# Spikes delite?



## GailC (Aug 20, 2011)

Do any stores carry spikes delite or can it only be ordered online? I'd like to add it to my mix but hate the idea of having it shipped.


----------



## amylynnbales (Jan 27, 2013)

I know you weren't asking for opinions, but I've heard Spike's Delight is, well, not all that great quality.


----------



## GailC (Aug 20, 2011)

It actually one of the highest rated hedgie foods there is. After doing much research over the last few days, I'm really inclined to think that high quality cat food isn't quite right for hedgies. They aren't carnivores after all and thats what cat food is made for and you are right, I didn't ask for opinions and I'd prefer not to hear anymore. I know how everyone feels about cat food vs hedgie food, I just have a different view.


----------



## JJStefaniec (Nov 27, 2012)

I beleive you can only order it online.


----------



## shmurciakova (Sep 7, 2008)

Gail, I tend to agree with you to some extent. Rather than going into some long winded post about my reasoning you can read what I wrote in the "confused about food" thread. I think there is a fine line as to what to feed a hedgehog and I do like that some of the hog foods include things like meal worms and other insect ingredients. Hedgehogs are omnivores in the wild and I do think it is possible for them to thrive on certain cat foods as long as it is supplemented with insects and other things like sweet potatoes, eggs, some veggies and so forth. I personally have not tried Spikes Delight, but one food that always intrigued me is called insectivore diet. The only problem is that it is a strange consistency and at least Snoball, my first hog did not like it. I haven't fed it to Daisy though...it might be something to check out.
Anyway, good luck deciding what to feed.
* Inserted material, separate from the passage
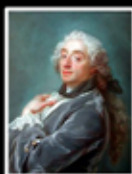
Gustaf Lundberg Portrait of François Boucher 1741 Oil on canvas Musée du Louvre, Paris

This portrait portrays Madame de Pompadour, mistress and confidante of Louis XV, as she wants to be seen: a symbol of music, literature, the fine arts, and politics. It is a part of the femme d'esprit, which means women of culture and learning. Her elegant blue silk dress adorned with roses, ruffles, and ribbons shows her femininity and good taste.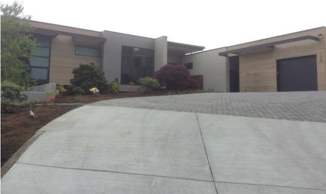
Grade 11/ Year Built 2015/Total Living Area 4760

A lot of the more interesting choices have to be shipped unfortunately, unless you can convince a local pet store to carry them, or order them for you.
-Susan H.


----------



## nikki (Aug 28, 2008)

My concern with Spikes Delight is that recently there were problems with plastic like pieces found in the kibble. There was at least one hedgie I know of that had severe mouth injuries from it. When the company that makes Spikes Delight was contacted they refused to even look into the problem.


----------



## GailC (Aug 20, 2011)

As much as I would like to feed spikes delite, ordering it online really is a hassle and hearing about a issue like the plastic that the company won't look into just adds another reason not to bother with it.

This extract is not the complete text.